10-22-2009 05:02 AM - edited 10-22-2009 05:03 AM
Another day another problem.
Fisrtly, I'd like to express thanks for all those willing to help such a patently obvious N00b in the CVI area. I'm going through a very steep learning curve with CVI at the moment.....
My problem is:
I'm getting a "redeclaration" error trying to ocmpile my DLL:
110, 1 Redeclaration of 'ListDevices' previously declared at somethingorother.h:37.
I want to pass a pointer to a struct to my DLL to be populated by a C routine. My Struct definition is as follows
struct Deviceinfo {
int vid;
int pid;
int Interface;
char serialnr[255];
};
struct DevList {
int Count;
struct Deviceinfo devs[128];
};
I want to pass a pointer to the DevList struct.

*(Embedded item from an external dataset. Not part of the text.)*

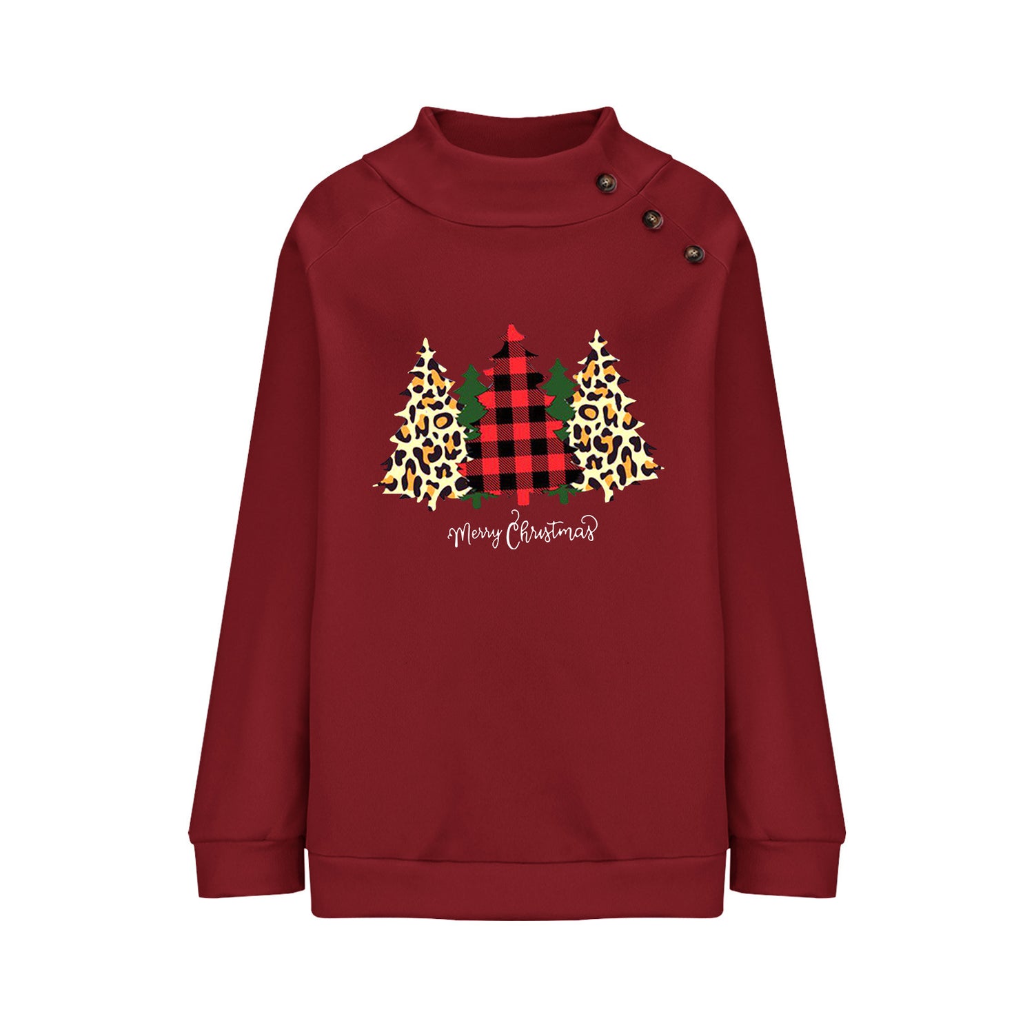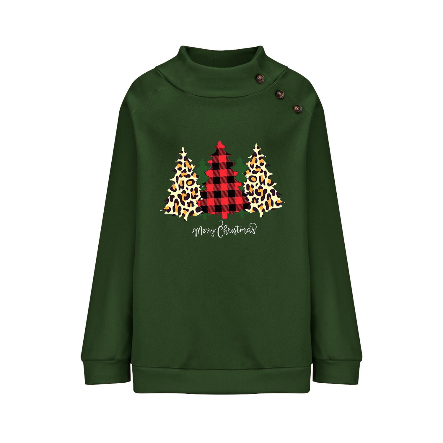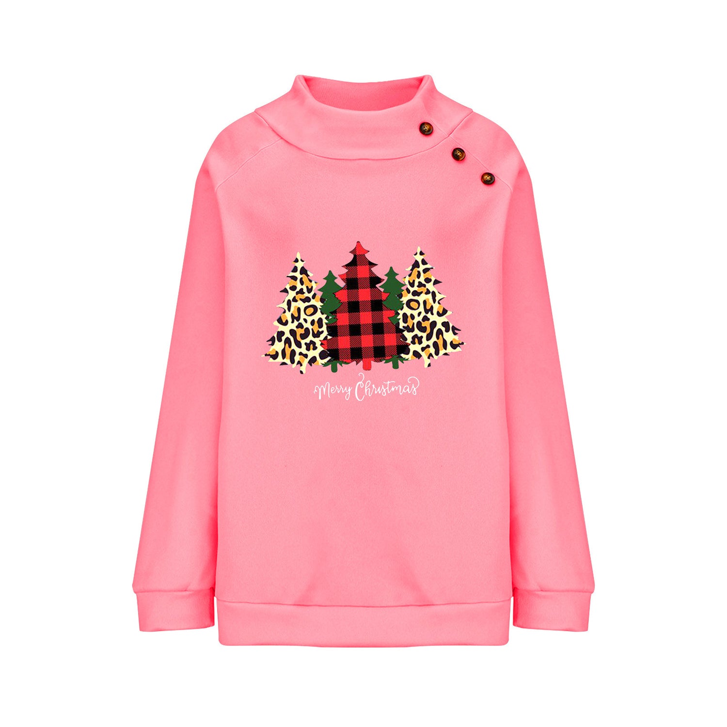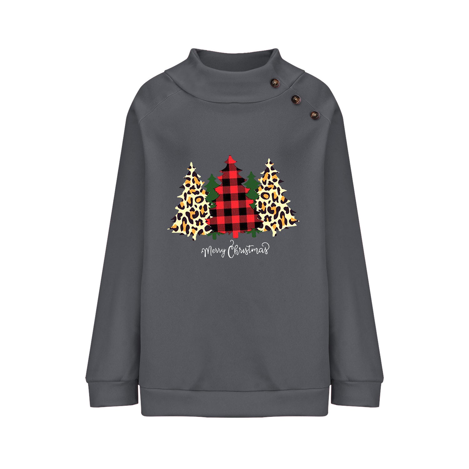 Round Neck Button Loose Long Sleeve Sweatershirt Women

My function declaration (.c file) is
void ListDevices(struct DevList *buf)
{
and my export declaration(.h file) is
void ListDevices(struct DevList *);
Anyone got any ideas as to what I'm doing wrong? I'm aware that 128 instances of 255 chars is a bit excessive but I want to walk before I run. Getting it working comes before optimisation. I can only tackle one problem at a time.
Shane.
Solved! Go to Solution.
10-22-2009 05:09 AM
Heh,
just solved the problem.
Struct definitions must go into the .h file, not the .c file (their location until now) in order for the .h and .c definitions to "see" the same declarations.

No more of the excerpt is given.